• AIM OF THE EXERCISE
Please reproduce the lines of the records below from the one holding "ផាត ប្រធានគណៈកម្មការទី៤ នៃព្រឹទ្ធសភា" through the one holding "10月4日,游客在江蘇省蘇州美術館觀看昆曲《牡丹亭》。", inclusive, skipping all pictures.

• THE RECORDS
■ ■ ■ ■

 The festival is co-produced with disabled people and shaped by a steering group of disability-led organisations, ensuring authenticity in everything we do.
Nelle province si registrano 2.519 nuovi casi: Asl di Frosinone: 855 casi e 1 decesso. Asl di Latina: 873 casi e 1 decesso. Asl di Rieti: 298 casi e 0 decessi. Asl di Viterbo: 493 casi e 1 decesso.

■ ■ ■ ■

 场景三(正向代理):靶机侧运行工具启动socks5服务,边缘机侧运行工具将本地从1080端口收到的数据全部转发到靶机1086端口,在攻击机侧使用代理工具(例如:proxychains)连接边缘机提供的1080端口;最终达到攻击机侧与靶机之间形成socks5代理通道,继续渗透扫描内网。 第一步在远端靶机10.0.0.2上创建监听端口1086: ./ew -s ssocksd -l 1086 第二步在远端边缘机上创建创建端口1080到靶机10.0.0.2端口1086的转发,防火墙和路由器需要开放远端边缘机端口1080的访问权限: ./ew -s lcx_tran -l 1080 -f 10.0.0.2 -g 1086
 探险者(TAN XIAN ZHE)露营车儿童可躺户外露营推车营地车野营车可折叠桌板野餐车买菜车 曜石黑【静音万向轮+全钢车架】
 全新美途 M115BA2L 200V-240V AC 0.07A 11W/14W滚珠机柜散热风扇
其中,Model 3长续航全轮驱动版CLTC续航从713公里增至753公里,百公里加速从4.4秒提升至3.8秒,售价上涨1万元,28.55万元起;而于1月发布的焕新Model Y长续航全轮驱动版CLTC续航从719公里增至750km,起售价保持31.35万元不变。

■ ■ ■ ■

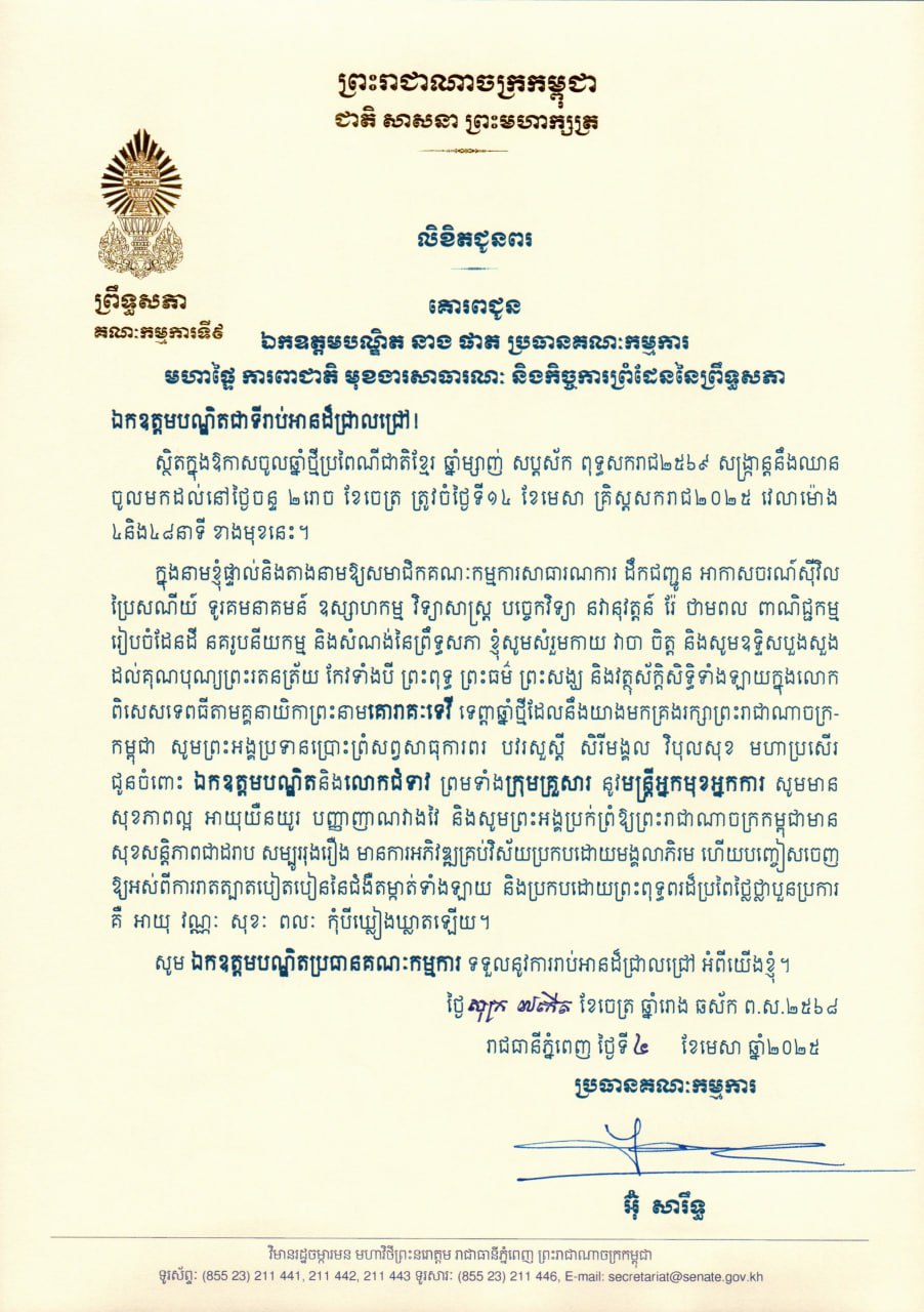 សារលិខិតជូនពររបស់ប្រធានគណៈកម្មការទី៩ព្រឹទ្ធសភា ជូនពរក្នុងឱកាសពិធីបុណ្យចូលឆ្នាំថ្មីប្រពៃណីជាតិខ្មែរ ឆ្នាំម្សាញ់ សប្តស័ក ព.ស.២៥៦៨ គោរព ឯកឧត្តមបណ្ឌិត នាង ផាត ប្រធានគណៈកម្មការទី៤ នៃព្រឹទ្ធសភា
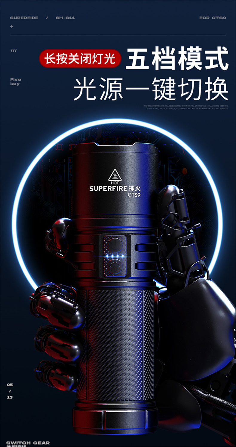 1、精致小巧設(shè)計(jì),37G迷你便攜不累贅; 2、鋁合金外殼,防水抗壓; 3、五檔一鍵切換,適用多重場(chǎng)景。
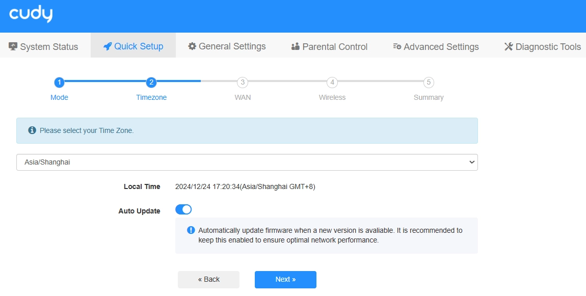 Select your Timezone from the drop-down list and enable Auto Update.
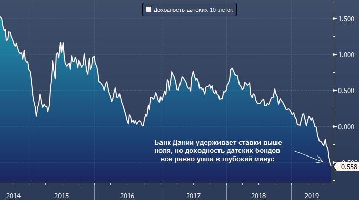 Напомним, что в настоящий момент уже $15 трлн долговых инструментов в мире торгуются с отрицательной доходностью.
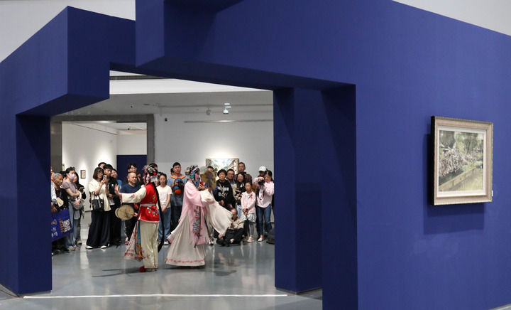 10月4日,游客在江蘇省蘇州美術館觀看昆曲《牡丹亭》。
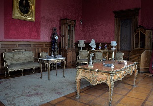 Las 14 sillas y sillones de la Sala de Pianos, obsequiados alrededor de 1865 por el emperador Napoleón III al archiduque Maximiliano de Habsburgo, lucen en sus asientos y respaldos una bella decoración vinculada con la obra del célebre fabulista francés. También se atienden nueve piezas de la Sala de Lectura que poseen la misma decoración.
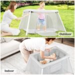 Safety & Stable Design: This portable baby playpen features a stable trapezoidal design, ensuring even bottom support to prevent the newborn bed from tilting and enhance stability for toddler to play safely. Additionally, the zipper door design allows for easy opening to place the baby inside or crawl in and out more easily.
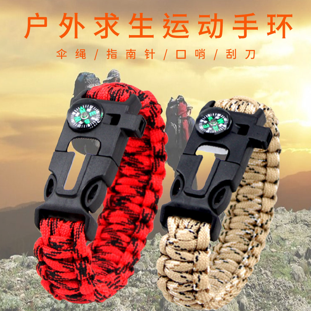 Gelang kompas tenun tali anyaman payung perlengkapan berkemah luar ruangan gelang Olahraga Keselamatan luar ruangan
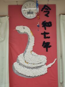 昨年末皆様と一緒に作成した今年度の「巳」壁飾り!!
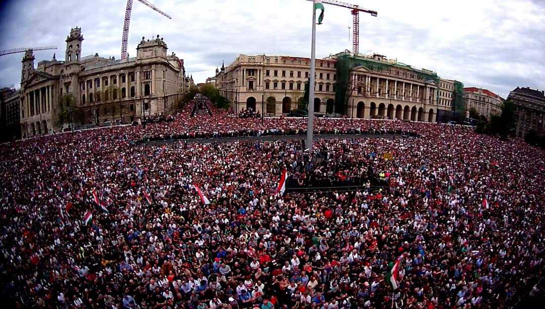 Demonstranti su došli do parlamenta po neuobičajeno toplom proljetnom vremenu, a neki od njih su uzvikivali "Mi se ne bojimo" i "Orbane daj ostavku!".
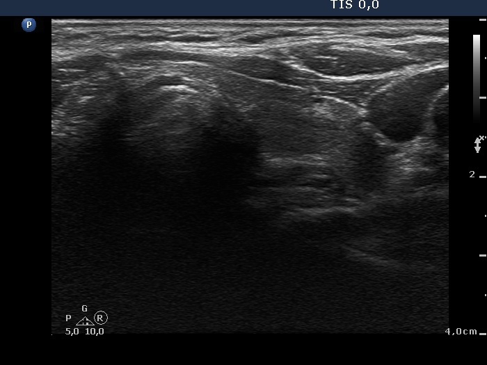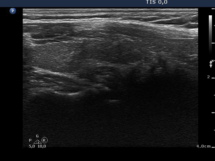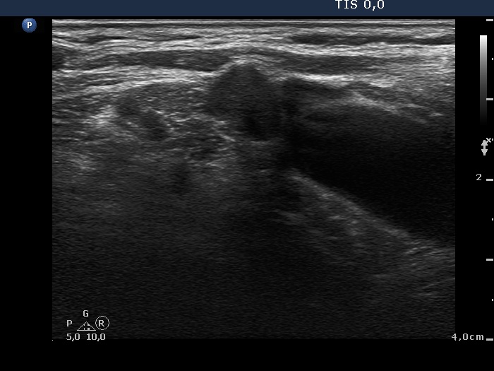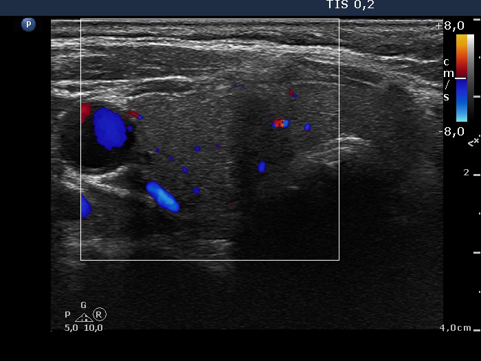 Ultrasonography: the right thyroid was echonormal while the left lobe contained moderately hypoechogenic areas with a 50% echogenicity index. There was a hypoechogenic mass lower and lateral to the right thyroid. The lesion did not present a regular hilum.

■ ■ ■ ■

• TASK RESULT
 សារលិខិតជូនពររបស់ប្រធានគណៈកម្មការទី៩ព្រឹទ្ធសភា ជូនពរក្នុងឱកាសពិធីបុណ្យចូលឆ្នាំថ្មីប្រពៃណីជាតិខ្មែរ ឆ្នាំម្សាញ់ សប្តស័ក ព.ស.២៥៦៨ គោរព ឯកឧត្តមបណ្ឌិត នាង ផាត ប្រធានគណៈកម្មការទី៤ នៃព្រឹទ្ធសភា
 1、精致小巧設(shè)計(jì),37G迷你便攜不累贅; 2、鋁合金外殼,防水抗壓; 3、五檔一鍵切換,適用多重場(chǎng)景。
 Select your Timezone from the drop-down list and enable Auto Update.
 Напомним, что в настоящий момент уже $15 трлн долговых инструментов в мире торгуются с отрицательной доходностью.
 10月4日,游客在江蘇省蘇州美術館觀看昆曲《牡丹亭》。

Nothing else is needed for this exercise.